Regesten uit het archief van het Oudemannenhuis (Willem Vroesenhuis) te Gouda

Collectie

Objecten

Geavanceerd zoeken
  • Regest Oudemannenhuis 22
    Schout en buurlieden van Moordrecht verklaren dat Wouter IJsbrantsz heeft gekocht van mr. Gheryt Heynricxz uit Gouda twee viertel land te Moordrecht, strekkende van de Tiendeweg tot halverwege de IJssel (O = Daem Jansz; W = de erfgenamen van Cornelis Cornelisz). De koper blijft de koopsom schuldig tegen een rente van de "penninck twintich" onder verband van het gekochte, alsmede van een viertel land in Moordrecht (O = mr. Cornelis Jansz Prins te Den Haag; W = Wouter IJsbrantsz).
  • Regest Oudemannenhuis 23
    Schout en buurlieden van Sluipwijk c.a. verklaren dat Dirck Gyelisz van mr. Geryt Heynrixz. een elzenhouttuin heeft gekocht en daarop een huis heeft gebouwd, gelegen in het ambacht Ravensberg, aan weerszijden belend door de verkoper en strekkende van de Schoonbroekerdijk tot het land van de verkoper. De koper blijft de koopsom schuldig tegen een rente van de "penning sestyen" onder verband van het gekochte.
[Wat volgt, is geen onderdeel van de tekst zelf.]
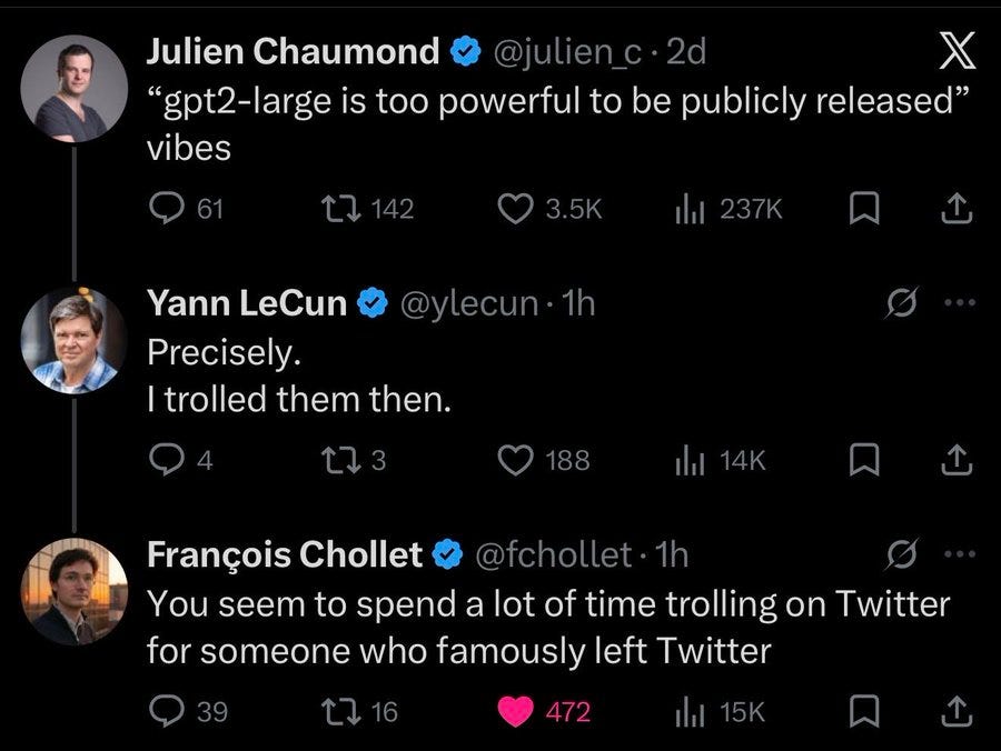 As I discussed in Mythos #2, I actively downgrade anyone who mocks the caution that was shown around GPT-2 and especially anyone who uses it as a way to attack caution displayed in other settings.

  • Regest Oudemannenhuis 24
    Schout van Noord- en Zuid- Waddinxveen en buurlieden "in den zelfven ambocht" (Noord- èn Zuid- W. ?) verklaren dat Cornelis Willem Janszoon (Cornelis Willemsz) aan het Oudemannenhuis een losrente schuldig is van 1 pond Vlaams per jaar, onder verband van zijn hofstede, huis, enz. met ca. 17 morgen land in Hubertsgerecht, strekkende van de Noordeindse weg tot de Alpher wetering, (N = Adriaen Hobbensz; Z = Willem Pietersz en Griete Reyers weduwe).
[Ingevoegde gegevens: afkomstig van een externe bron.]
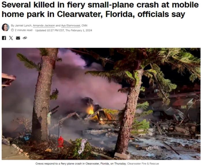 中新网2月2日电 据美国有线电视新闻网(CNN)报道,当地时间2月1日晚,一架小型飞机在美国佛罗里达州克利尔沃特市的一处公园坠毁。

  • Regest Oudemannenhuis 25
    Verklaring dat mr. Gheryt Heinricksz (nu) te Haarlem een aantal rentebrieven (waarvan de transcriptie volgt) heeft geschonken aan het Oudemannenhuis. Hiervoor krijgt hij (en zijn erfgenamen) de nominatie van twee proveniers. Voorts moet het Oudemannenhuis elke vrijdag aan elf oude mannen, door hem aan te wijzen, een groot uitkeren, mits zij die dag de mis hebben bijgewoond.
  • Regest Oudemannenhuis 26
    Schout Dirck van Vliet (van IJsselveer of Snelrewaard ?) verklaart dat ten gunste van Dievertgen Henricxdr een losrente is verkocht (aan Adriaen Goesenz ?) van 3 gouden Bourgondische Philipsschilden (nu ƒ 3.3.0) per jaar, ter vervaging van een erfpachtakte uit 1454, die (tijdelijk) vermist is.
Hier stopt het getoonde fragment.